# GIVEN MATERIAL
Content starts

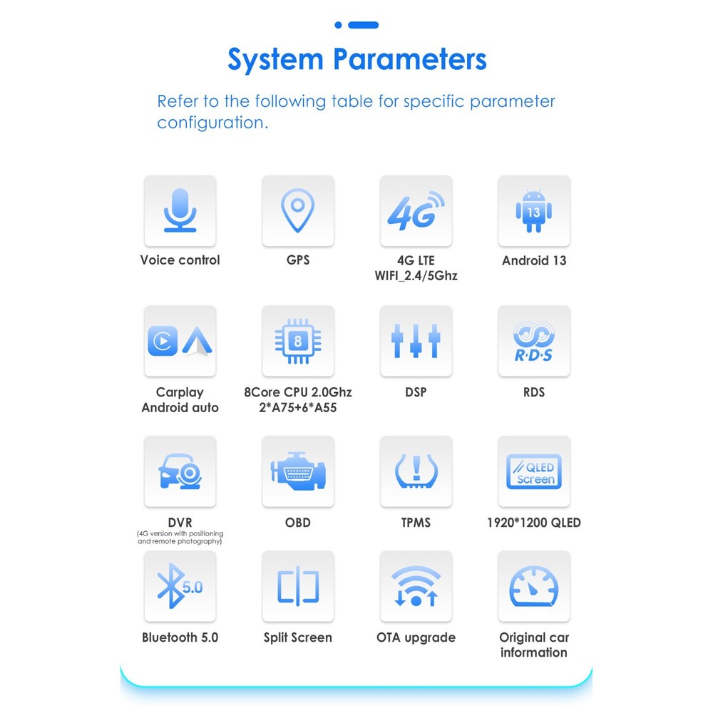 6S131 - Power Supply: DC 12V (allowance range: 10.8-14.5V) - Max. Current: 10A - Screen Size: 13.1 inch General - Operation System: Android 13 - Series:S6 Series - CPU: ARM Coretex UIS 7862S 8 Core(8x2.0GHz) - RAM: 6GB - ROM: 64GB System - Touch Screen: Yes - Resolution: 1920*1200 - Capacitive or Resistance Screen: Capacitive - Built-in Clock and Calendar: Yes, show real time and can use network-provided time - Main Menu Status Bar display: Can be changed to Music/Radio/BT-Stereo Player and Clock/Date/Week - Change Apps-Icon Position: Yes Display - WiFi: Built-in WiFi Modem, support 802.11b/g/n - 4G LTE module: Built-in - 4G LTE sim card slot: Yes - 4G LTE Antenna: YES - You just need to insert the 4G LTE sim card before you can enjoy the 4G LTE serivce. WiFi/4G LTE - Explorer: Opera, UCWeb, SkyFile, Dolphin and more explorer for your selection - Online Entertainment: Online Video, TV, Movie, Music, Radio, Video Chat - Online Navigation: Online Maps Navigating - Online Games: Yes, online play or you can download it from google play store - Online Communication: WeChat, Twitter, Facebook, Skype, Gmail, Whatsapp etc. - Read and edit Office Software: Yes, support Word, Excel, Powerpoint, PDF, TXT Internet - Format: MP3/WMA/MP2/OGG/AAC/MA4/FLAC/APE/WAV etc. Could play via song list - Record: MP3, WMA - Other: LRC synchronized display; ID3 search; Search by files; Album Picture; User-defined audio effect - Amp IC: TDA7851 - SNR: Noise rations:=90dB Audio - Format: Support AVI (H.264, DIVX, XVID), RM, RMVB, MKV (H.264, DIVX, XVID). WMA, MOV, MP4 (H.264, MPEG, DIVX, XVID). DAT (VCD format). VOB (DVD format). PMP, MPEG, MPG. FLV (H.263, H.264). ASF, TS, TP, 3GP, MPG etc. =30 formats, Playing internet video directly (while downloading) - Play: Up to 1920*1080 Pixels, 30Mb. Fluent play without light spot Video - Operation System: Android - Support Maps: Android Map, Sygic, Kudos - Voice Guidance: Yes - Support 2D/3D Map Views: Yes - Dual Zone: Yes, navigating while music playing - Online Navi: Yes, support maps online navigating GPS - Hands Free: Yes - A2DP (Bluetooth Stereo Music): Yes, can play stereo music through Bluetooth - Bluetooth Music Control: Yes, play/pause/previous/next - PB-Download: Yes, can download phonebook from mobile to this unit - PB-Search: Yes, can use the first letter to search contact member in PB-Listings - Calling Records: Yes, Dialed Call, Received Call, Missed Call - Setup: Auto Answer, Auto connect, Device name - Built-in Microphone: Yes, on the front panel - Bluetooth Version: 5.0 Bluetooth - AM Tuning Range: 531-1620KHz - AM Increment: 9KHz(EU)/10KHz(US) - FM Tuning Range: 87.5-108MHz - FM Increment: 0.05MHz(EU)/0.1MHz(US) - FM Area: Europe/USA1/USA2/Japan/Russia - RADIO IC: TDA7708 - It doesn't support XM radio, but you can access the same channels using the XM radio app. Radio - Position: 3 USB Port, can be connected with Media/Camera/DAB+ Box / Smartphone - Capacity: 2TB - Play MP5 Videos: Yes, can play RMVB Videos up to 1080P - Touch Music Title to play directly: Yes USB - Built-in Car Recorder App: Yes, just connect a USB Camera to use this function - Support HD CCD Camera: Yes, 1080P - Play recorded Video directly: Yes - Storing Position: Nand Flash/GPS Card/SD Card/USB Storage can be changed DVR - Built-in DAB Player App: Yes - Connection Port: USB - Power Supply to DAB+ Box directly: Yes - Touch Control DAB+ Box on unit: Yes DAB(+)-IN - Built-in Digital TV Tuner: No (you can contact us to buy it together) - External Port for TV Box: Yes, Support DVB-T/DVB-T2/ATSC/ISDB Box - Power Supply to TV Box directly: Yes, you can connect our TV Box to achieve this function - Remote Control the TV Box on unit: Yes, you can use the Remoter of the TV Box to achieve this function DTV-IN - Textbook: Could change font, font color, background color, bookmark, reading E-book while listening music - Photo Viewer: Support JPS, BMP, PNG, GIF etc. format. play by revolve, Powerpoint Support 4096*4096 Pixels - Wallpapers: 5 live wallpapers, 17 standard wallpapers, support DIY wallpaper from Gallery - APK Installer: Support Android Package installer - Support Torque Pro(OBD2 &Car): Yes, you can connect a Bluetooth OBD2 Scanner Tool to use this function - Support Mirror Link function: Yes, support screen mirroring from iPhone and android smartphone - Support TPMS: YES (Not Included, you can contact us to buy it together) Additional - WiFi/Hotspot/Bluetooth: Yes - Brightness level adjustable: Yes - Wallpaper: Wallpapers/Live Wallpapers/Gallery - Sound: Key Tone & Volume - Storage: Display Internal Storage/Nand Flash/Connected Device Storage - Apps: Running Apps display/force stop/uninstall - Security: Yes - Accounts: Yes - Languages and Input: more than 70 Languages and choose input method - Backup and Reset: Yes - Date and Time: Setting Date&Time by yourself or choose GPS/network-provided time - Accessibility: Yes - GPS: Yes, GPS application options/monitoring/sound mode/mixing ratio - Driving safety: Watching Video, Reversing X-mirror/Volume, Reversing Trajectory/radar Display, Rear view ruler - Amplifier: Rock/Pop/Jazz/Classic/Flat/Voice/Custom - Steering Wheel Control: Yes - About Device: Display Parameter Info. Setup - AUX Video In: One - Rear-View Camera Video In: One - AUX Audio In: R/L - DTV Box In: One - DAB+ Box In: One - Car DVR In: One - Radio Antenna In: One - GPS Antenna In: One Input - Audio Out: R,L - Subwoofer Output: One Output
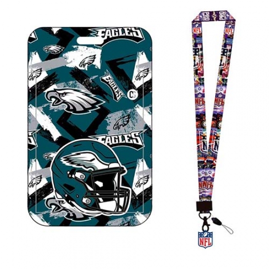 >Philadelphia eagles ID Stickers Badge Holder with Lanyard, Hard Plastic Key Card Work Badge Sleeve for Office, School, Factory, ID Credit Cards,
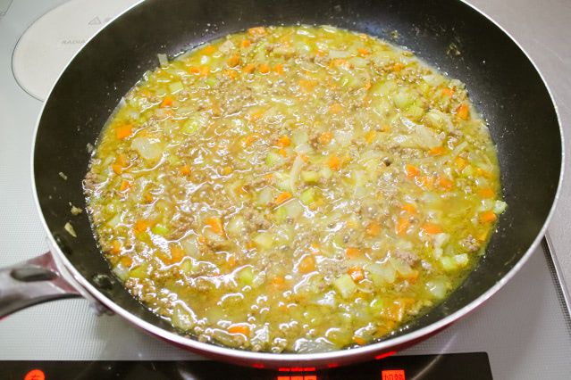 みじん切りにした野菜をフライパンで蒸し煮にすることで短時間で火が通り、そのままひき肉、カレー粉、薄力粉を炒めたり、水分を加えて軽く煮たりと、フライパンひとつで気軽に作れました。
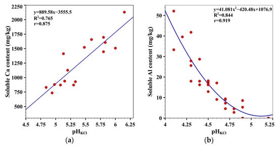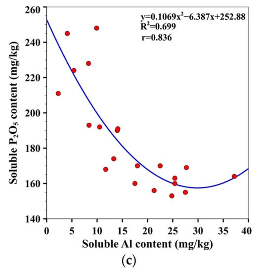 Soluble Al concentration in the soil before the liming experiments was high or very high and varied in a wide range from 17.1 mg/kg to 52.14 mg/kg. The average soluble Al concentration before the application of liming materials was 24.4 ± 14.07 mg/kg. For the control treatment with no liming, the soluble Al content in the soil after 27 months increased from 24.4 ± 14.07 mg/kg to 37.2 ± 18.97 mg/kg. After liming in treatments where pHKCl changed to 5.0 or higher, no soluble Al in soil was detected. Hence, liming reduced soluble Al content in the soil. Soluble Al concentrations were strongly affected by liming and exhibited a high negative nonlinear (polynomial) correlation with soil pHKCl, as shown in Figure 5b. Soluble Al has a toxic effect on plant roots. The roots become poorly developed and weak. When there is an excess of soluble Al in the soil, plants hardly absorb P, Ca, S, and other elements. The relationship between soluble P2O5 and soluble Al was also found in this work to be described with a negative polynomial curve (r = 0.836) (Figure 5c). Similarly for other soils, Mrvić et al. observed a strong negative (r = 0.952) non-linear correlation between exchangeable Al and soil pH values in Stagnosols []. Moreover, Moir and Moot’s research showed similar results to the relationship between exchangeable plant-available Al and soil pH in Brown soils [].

Content ends

# YOUR GOAL
Leaving the pictures aside, write out only the lines from the one containing "みじん切りにした野菜をフライ" through the end of the material, exactly as they stand.

# YOUR RESPONSE
 みじん切りにした野菜をフライパンで蒸し煮にすることで短時間で火が通り、そのままひき肉、カレー粉、薄力粉を炒めたり、水分を加えて軽く煮たりと、フライパンひとつで気軽に作れました。
 Soluble Al concentration in the soil before the liming experiments was high or very high and varied in a wide range from 17.1 mg/kg to 52.14 mg/kg. The average soluble Al concentration before the application of liming materials was 24.4 ± 14.07 mg/kg. For the control treatment with no liming, the soluble Al content in the soil after 27 months increased from 24.4 ± 14.07 mg/kg to 37.2 ± 18.97 mg/kg. After liming in treatments where pHKCl changed to 5.0 or higher, no soluble Al in soil was detected. Hence, liming reduced soluble Al content in the soil. Soluble Al concentrations were strongly affected by liming and exhibited a high negative nonlinear (polynomial) correlation with soil pHKCl, as shown in Figure 5b. Soluble Al has a toxic effect on plant roots. The roots become poorly developed and weak. When there is an excess of soluble Al in the soil, plants hardly absorb P, Ca, S, and other elements. The relationship between soluble P2O5 and soluble Al was also found in this work to be described with a negative polynomial curve (r = 0.836) (Figure 5c). Similarly for other soils, Mrvić et al. observed a strong negative (r = 0.952) non-linear correlation between exchangeable Al and soil pH values in Stagnosols []. Moreover, Moir and Moot’s research showed similar results to the relationship between exchangeable plant-available Al and soil pH in Brown soils [].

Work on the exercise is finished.